- DATASET EXCERPTS
* * * * *

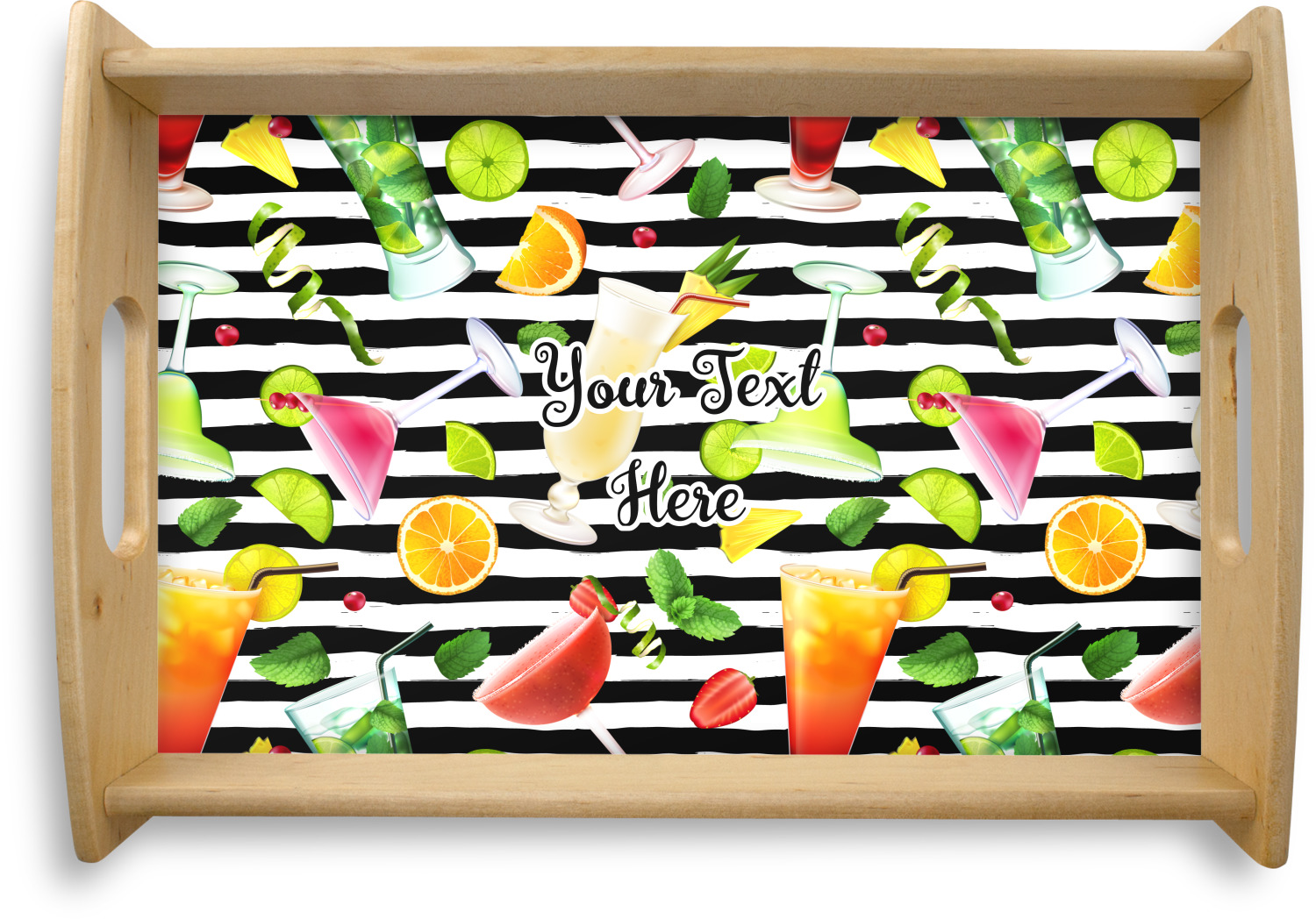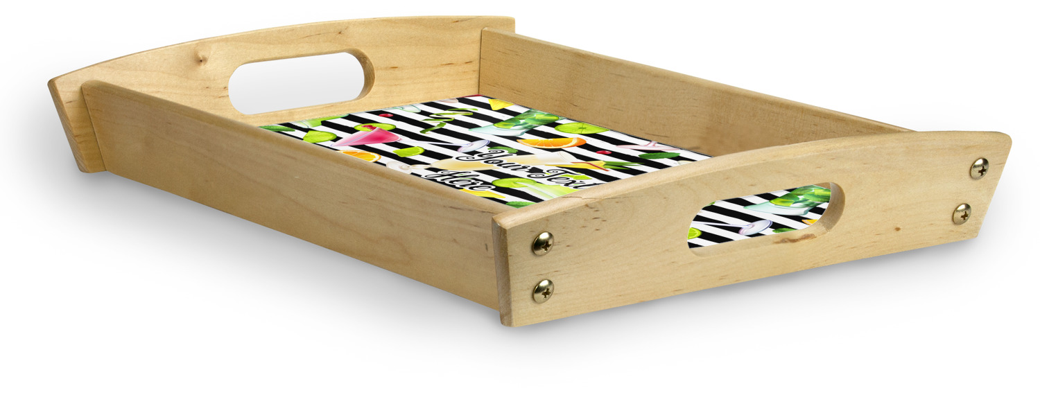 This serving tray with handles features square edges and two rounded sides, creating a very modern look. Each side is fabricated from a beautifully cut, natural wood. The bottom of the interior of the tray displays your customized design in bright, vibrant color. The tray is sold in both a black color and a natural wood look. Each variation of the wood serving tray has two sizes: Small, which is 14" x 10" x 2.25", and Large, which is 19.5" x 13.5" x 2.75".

* * * * *

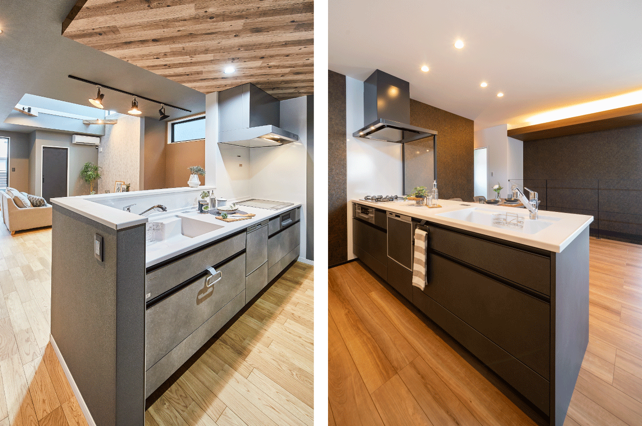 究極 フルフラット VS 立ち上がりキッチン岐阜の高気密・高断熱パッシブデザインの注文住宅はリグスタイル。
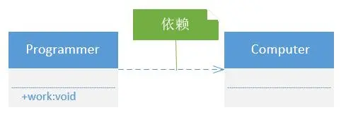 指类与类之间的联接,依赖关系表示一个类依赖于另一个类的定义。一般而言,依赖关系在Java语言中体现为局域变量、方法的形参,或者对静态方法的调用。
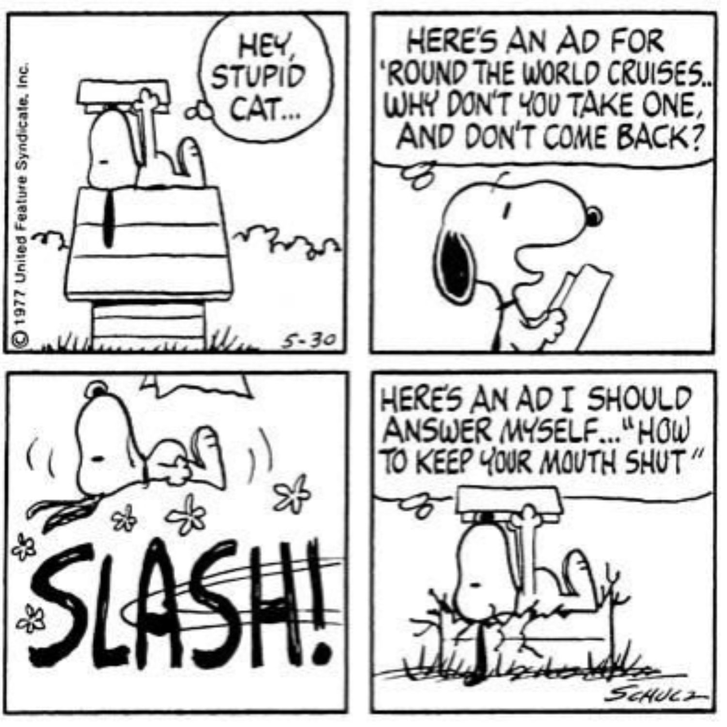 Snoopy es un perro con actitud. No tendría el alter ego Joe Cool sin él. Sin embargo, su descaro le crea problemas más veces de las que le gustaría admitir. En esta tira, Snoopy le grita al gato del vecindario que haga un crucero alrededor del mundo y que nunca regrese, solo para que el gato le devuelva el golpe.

* * * * *

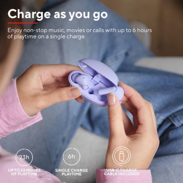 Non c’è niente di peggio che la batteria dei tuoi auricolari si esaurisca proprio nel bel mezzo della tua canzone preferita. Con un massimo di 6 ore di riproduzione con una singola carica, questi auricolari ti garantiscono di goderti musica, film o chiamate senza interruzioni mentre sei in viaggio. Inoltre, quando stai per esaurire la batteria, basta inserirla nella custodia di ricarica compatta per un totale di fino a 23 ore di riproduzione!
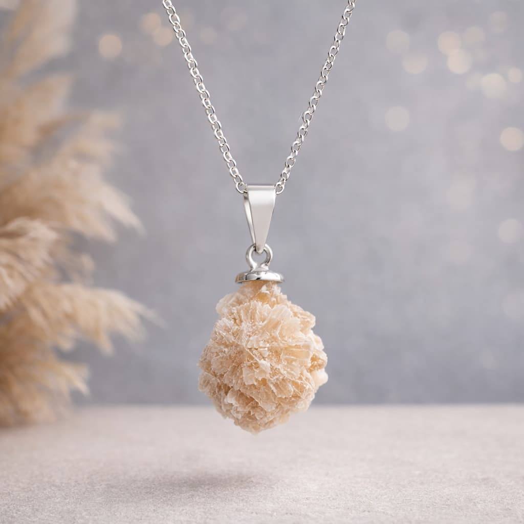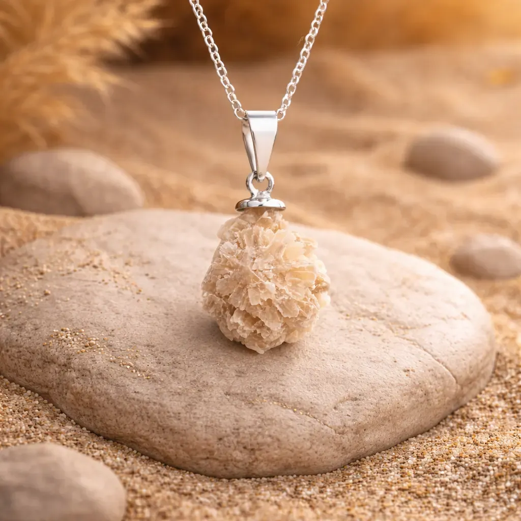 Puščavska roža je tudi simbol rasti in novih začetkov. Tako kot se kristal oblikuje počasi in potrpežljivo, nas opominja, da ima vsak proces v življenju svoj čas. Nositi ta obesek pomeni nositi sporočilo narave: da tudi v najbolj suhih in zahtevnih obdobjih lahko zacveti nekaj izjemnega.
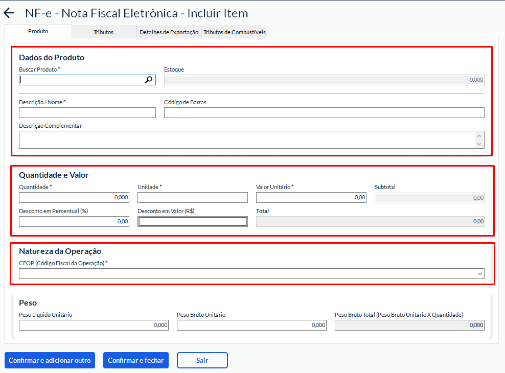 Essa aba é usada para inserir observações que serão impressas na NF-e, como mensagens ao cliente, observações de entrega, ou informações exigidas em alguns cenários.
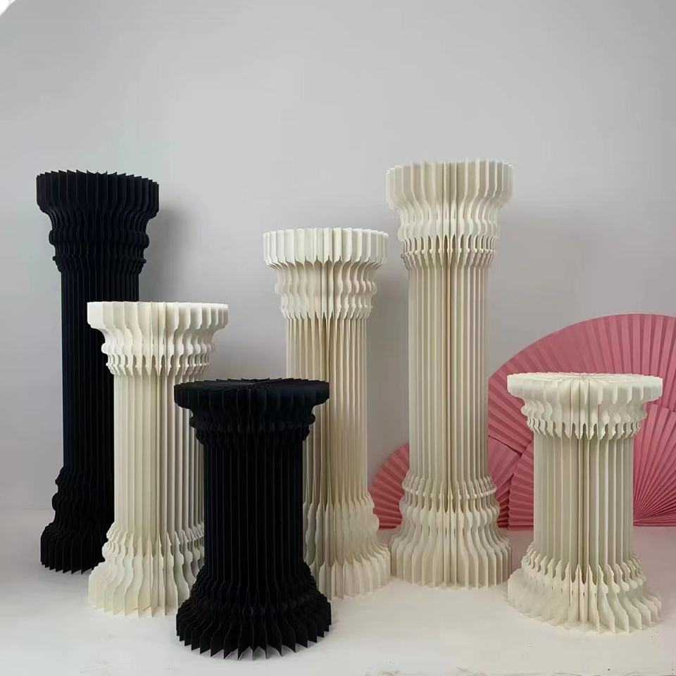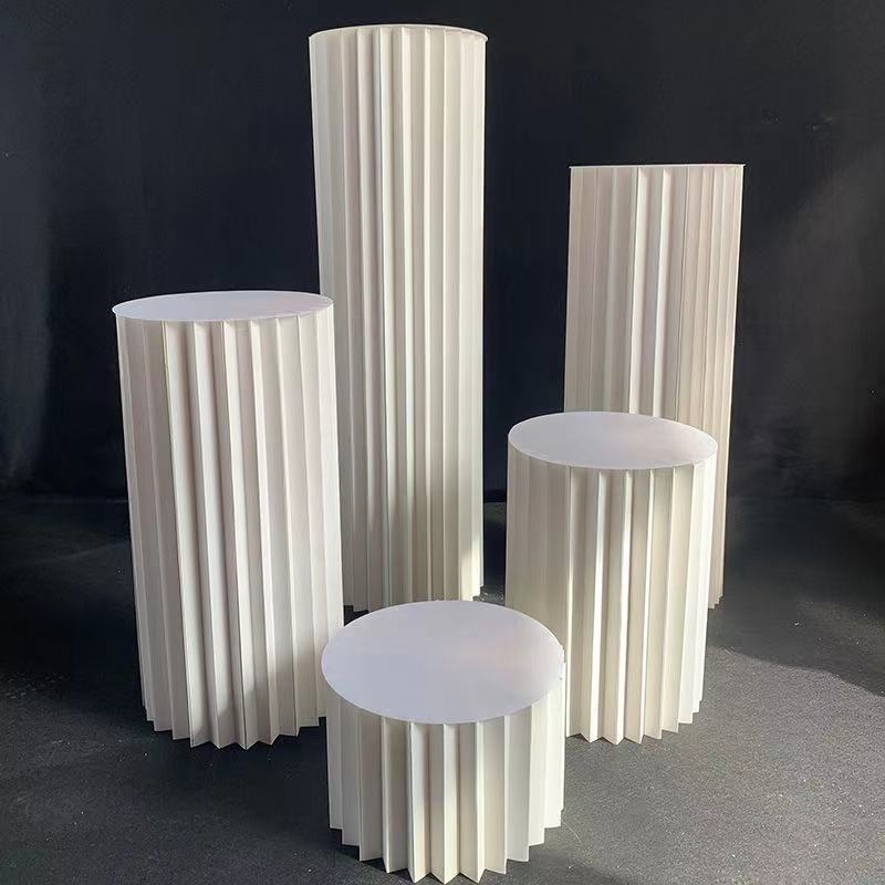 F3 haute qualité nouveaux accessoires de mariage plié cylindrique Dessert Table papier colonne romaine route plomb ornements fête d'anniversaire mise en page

* * * * *

- INSTRUCTIONS FOR THE TASK
Begin at the line in the entries above that has "究極 フルフラット VS", stop after the line that has "Snoopy es un", and output exactly those lines without pictures.

- RESULT FOR THIS EXERCISE
 究極 フルフラット VS 立ち上がりキッチン岐阜の高気密・高断熱パッシブデザインの注文住宅はリグスタイル。
 指类与类之间的联接,依赖关系表示一个类依赖于另一个类的定义。一般而言,依赖关系在Java语言中体现为局域变量、方法的形参,或者对静态方法的调用。
 Snoopy es un perro con actitud. No tendría el alter ego Joe Cool sin él. Sin embargo, su descaro le crea problemas más veces de las que le gustaría admitir. En esta tira, Snoopy le grita al gato del vecindario que haga un crucero alrededor del mundo y que nunca regrese, solo para que el gato le devuelva el golpe.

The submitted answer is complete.